Andere haben es nicht so einfach. Denn natürlich ist nicht jeder Spieler der Beste, oder mal haben wir einen schlechten Tag. Wenn dann bereits die eigene Frustration über die schlechte Leistung an mir nagt, habe ich echt keinen Bedarf an diesen Flamern, die mich mit ihrem "Salz" nerven. Denn wie es mit Salz so ist, es ist oft etwas auf dem Essen, und man kann nichts dagegen machen. Doch je schlechter das Essen wird, desto mehr Salz kommt darauf, um den Geschmack bloß irgendwie zu verändern.

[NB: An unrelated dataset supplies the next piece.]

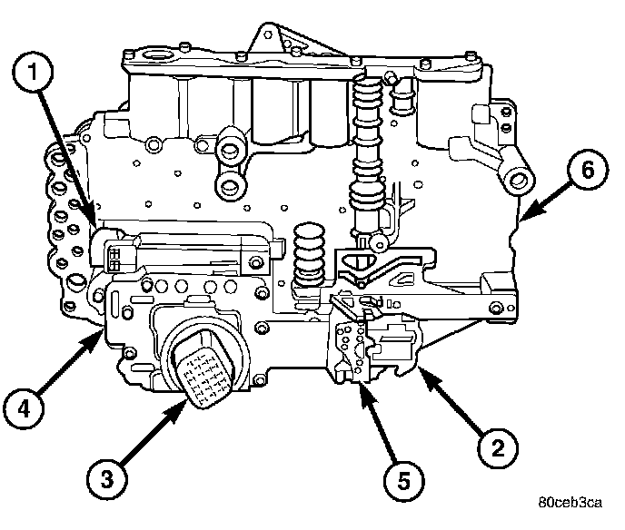 The solenoids receive electrical power from the Transmission Control Relay through a single wire. The TCM energizes or operates the solenoids individually by grounding the return wire of the solenoid as necessary. When a solenoid is energized, the solenoid valve shifts, and a fluid passage is opened or closed (vented or applied), depending on its default operating state. The result is an apply or release of a frictional element.

Bis der Fraß schließlich total versalzen ist, und man ihn nur noch wegwerfen und sich den Mund ausspülen möchte.
So geht es vielen Spielern online. Sie werden Tag für Tag mit dem Hass, der ihnen entgegengeworfen wird, konfrontiert, wenn sie sich eigentlich nur entspannen und der Realität etwas entkommen möchten. Sie können versuchen, zurück zu schießen, was jedoch nicht das ist, weshalb sie spielen. Sie können es ignorieren, wobei der Ärger doch immer an ihnen nagt. So entscheiden sich viele von ihnen schließlich zur Flucht aus dem Elend, hin zu Singleplayer-Spielen. Selbst im Internet findet man schließlich keine Entspannung, wo andere Menschen sind. Ein düsteres Bild, was sich zu oft im Verborgenen abspielt.
Mir ist ebenso bewusst, dass die Menschen nicht all ihren Hass abschaffen können. Doch in diesem Zustand ruinieren wir jeden Tag das Spielerlebnis untereinander. Darum habe ich zu Weihnachten ein paar kleine Wünsche für 2018:
Denn wenn wir im Spiel ein Held sein wollen; wenn wir uns anstrengen, der beste Spieler zu sein, der wir sein können; wieso sollten uns dann nicht auch für gutes und richtiges Handeln einsetzen? Oder ist das schon zu viel des Guten?